Move Comes on Heels of Oversight Hearing that Shined the Spotlight on Independent Agencies' Regulatory Regime
WASHINGTON, DC – Energy and Commerce Committee leaders welcomed today’s action by President Obama to encourage independent government agencies to identify and weed out outdated and onerous regulations that are undercutting job growth. The president’s move follows regulatory czar Cass Sunstein’s startling testimony last month to the Oversight and Investigations Subcommittee that independent agencies were not participating in the regulatory relief effort despite his urging. Last week, senior officials from the Consumer Product Safety Commission, Federal Communications Commission, Federal Energy Regulatory Commission, and the Federal Trade Commission testified before the subcommittee on how independent agencies were responding to President Obama’s executive order on regulatory reform issued in January.
Energy and Commerce Committee Chairman Fred Upton (R-MI) and Oversight and Investigations Subcommittee Chairman Cliff Stearns (R-FL) issued the following statement in response to the president’s action:
“Last week’s disappointing jobs report underscores the urgent need to fight the bureaucratic red tape that is smothering the nation’s job creators. Today’s action is a welcome acknowledgement by the president that independent agencies like the FCC, FERC, and CPSC are indeed responsible for regulations that are harming our economic growth and sending jobs overseas. Jobs remain our top priority, and we cannot afford to have any federal agency engaging in a regulatory assault on growth and innovation.”

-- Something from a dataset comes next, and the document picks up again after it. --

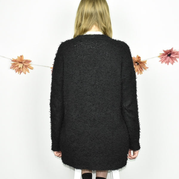 Cute fuzzy Benetton cardigan sweater jumper pullover in black. Cute.💗 Great condition. Label says M, we recommend M. Model is 164cm/5’4. Free shipping on bundles.
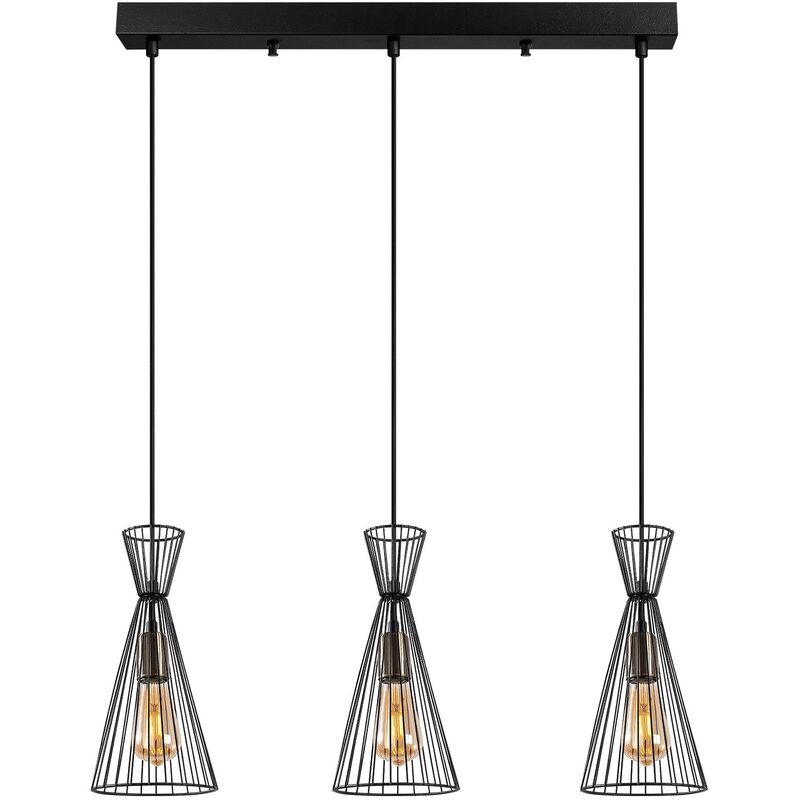Lampada da soffitto Struttura in metallo Paralume in metallo Diametro del paralume: 15 cm Altezza paralume: 32 cm Misure: 68 x 15 x 125 cm Dimensioni della base: 58 x 6 cm Altezza della base: 4 cm Lunghezza cavo: 90 cm IP20 Tipo di filettatura: 3 x E27 Max 40 W Altezza regolabile Colore: nero

Regulatory Czar Sunstein admits independent agencies had refused to identify job smothering regulations despite his urging
During a startling exchange between Obama regulatory czar Cass Sunstein and Rep. Steve Scalise (R-LA) last month, Sunstein revealed that the administration’s independent agencies had refused to participate in the effort to identify job-smothering regulations despite his urging. At the time of the May 18th deadline for preliminary plans, only one independent agency had submitted a regulatory review, and that review by the National Labor Relations Board amounted to a one page document.